Но вот что любопытно. Игорь Грабарь в книге «Моя жизнь» так рассказывал о знакомстве Левитана с художником Н. В. Мещериным, у которого в подмосковном имении Дугино Исаак Ильич иногда работал:
«Левитан, при всем огромном даровании и самостоятельности, зорко всматривался в пейзажи своих современников старшего и младшего возраста, стараясь извлечь из них все, что ему казалось полезным и нужным для собственных работ. В этом отношении он был в известном смысле „использователем“ чужих идей — черта, свойственная сильным людям, создателям новых направлений, без стеснения берущим свое добро там, где они его находят. Однажды он смотрел последние работы Мещерина и, отобрав из них несколько, трактовавших тему деревенских сараев, отложил их в сторону и затем долго разглядывал каждый в отдельности, сказав в заключение:
— Замечательный мотив. Никто сараев не писал, а следует. Ваш покорный слуга сейчас занят той же темой.
Через год появилась серия левитановских сараев. Если не всецело, то отчасти они могли возникнуть под влиянием мещеринского мотива».
Если бы оригинальность Левитана нуждалась в защите, можно было бы указать на то, что поэзия скромнейших деревенских строений привлекала Левитана давно. Вспоминая про его поездку в Ларино, под Вязьму, в 1881 году, его тогдашняя ученица Е. Ф. Дейша пишет:
«Его очень заинтересовал вид овина (там, где молотят и веют рожь). Большое, длинное деревянное строение, внутри полумрак, освещение — маленький фонарь, движущиеся фигуры молотильщиков, воздух полон мякиной, которая тучей вылетает из ворот и, освещенная солнцем, превращается в золотую пыль».
Правда, если здесь молодого художника по преимуществу привлекал специфический живописный эффект — «эта игра света и тени, переход от почти полного мрака к яркому свету», то в творчестве зрелого Левитана русский деревенский пейзаж дан очень сдержанно, внешне скромно, но с огромным внутренним лиризмом.

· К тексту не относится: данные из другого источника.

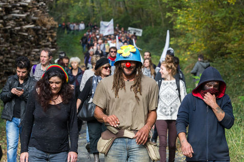 Commémoration de l'anniverssaire de la mort de Rémi Fraisse décédé d'un tir de grenade offensive dans la nuit du 25 octobre 2014 sur le chantier du projet de barrage dans la forêt de Sivens dans le Tarn. Environ trois cent personnes se sont réuni devant une sculpture sur la dalle ou est décédé le jeune militant écologiste.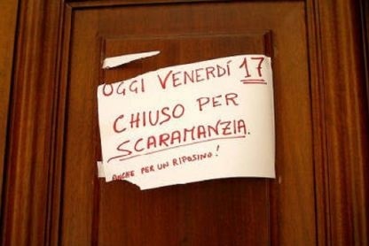 Falls Sie an einem Freitag den siebzehten in Italien Urlaub machen sollten, seien Sie nicht zu verblüfft, falls die Leute abergläubische Sachen machen sollten... Suchen Sie auch nicht mehr im Flugzeug den Sitzplatz Nummer 17, sie wissen jetzt Bescheid.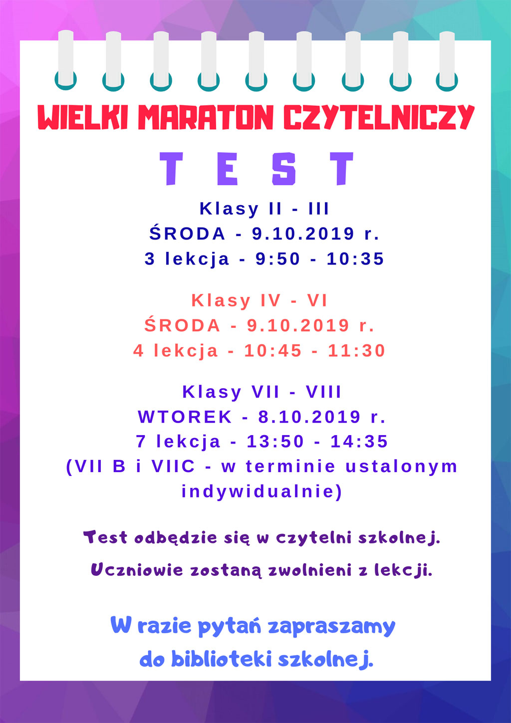 Test w ramach Wielkiego Maratonu Czytelniczego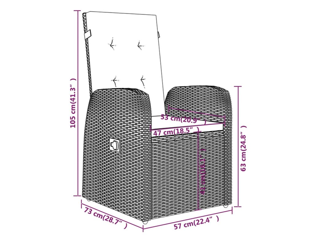 - Rozmery kresla (nesklopené): 57 x 73 x 105 cm (Š x H x V)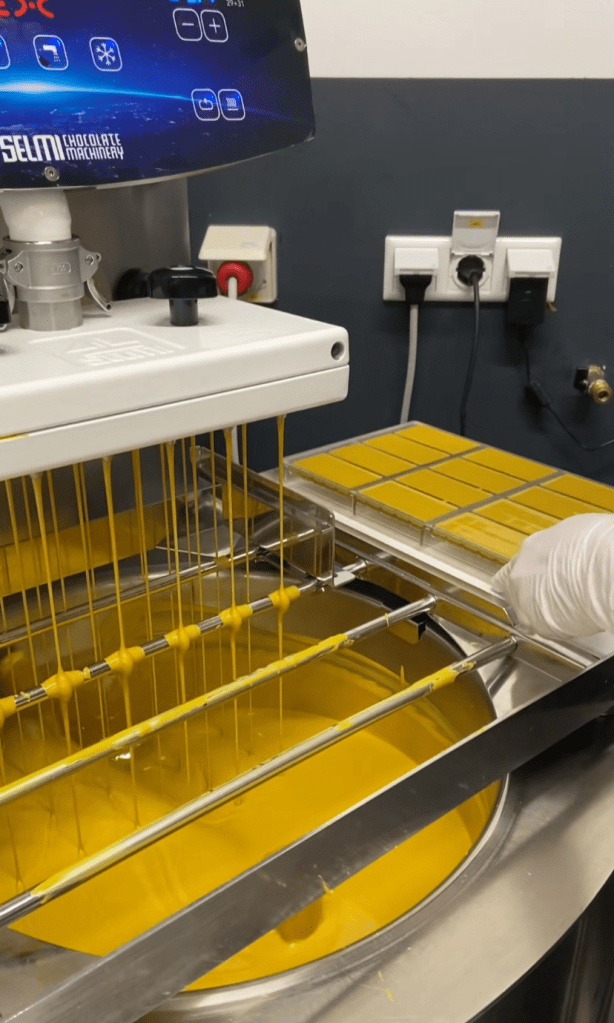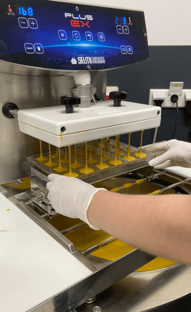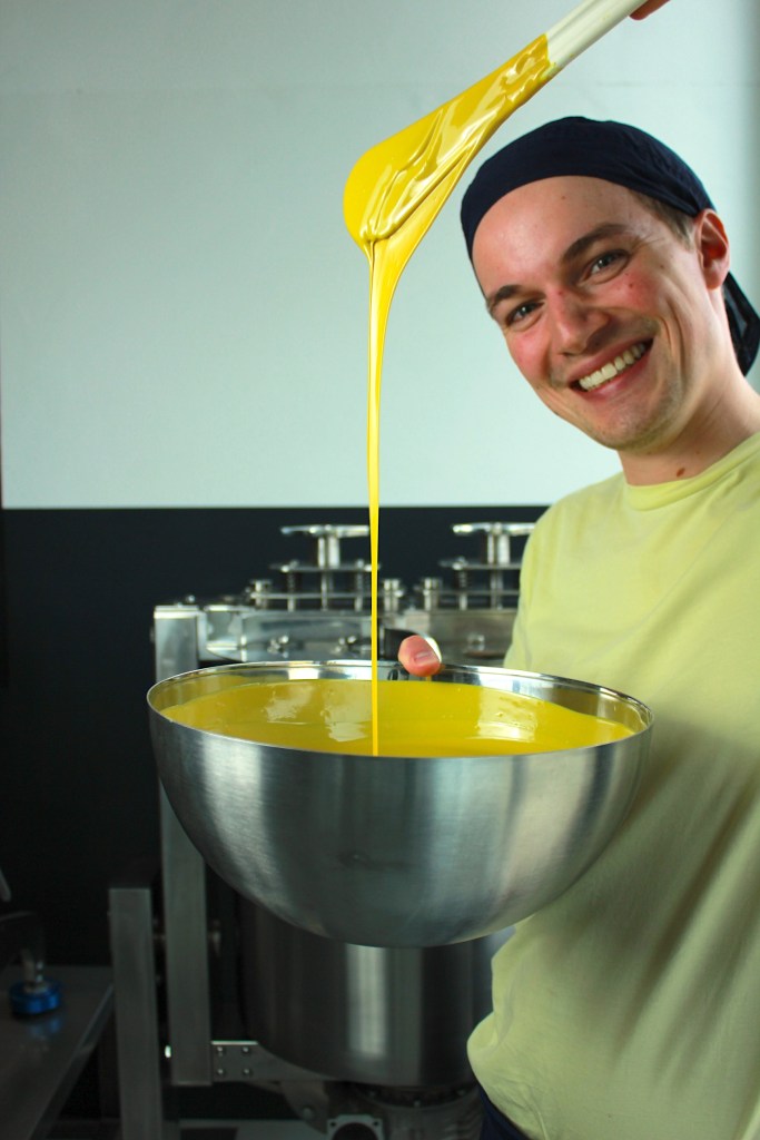Gordi hat mit unterschiedlichsten Rohstoffen experimentiert. Alles Bio. Kakaobutter war unverzichtbar, um die Tafelform zu erreichen. Dazu jede Menge Ingwer, Fruchtpulver, Kurkuma, schwarzer Pfeffer, ätherische Öle, Lecithin – und ja, auch Zucker. Weil Gordi diese Masse nicht mehr allein mit seinem kleinen Melangeur herstellen konnte, übernimmt das heute die Manufaktur „Georgia Ramon“ in Soest. Die erste Charge haben sie gemeinsam produziert. Jetzt läuft es.

Возвращаясь же к «мотиву» сараев, надо вспомнить, что над ним работали наиболее талантливые ученики Левитана и это принесло им первые живописные успехи.
«Сапунов долго возился с большим холстом, — пишет Липкин, — где широкой кистью написал в профиль сарай с серпом месяца над ним и сумеречными облаками. Потом он его переделал в другую картину, в известную „Зиму с ивами“ на фоне все того же сарая. Картина вышла удачной, попала на Передвижную. Левитан много помогал ему своими советами… Петровичев написал свой „Апрельский вечер“ и замечательные по настроению „Сараи в сумерках“, про них Серов и сказал: „А сарайчики-то спят“, Левитан же, увидев их, развел руками: „До чего же это просто, проще и не придумаешь“».
Конечно, обращение «лилового человека» Петровичева к такой простоте было свидетельством педагогического мастерства и такта, проявленных Левитаном. Но главное в том, что он вообще настроил своих учеников на ту «интимную национальную нотку» (если еще раз воспользоваться словами Врубеля), которой доискивался сам.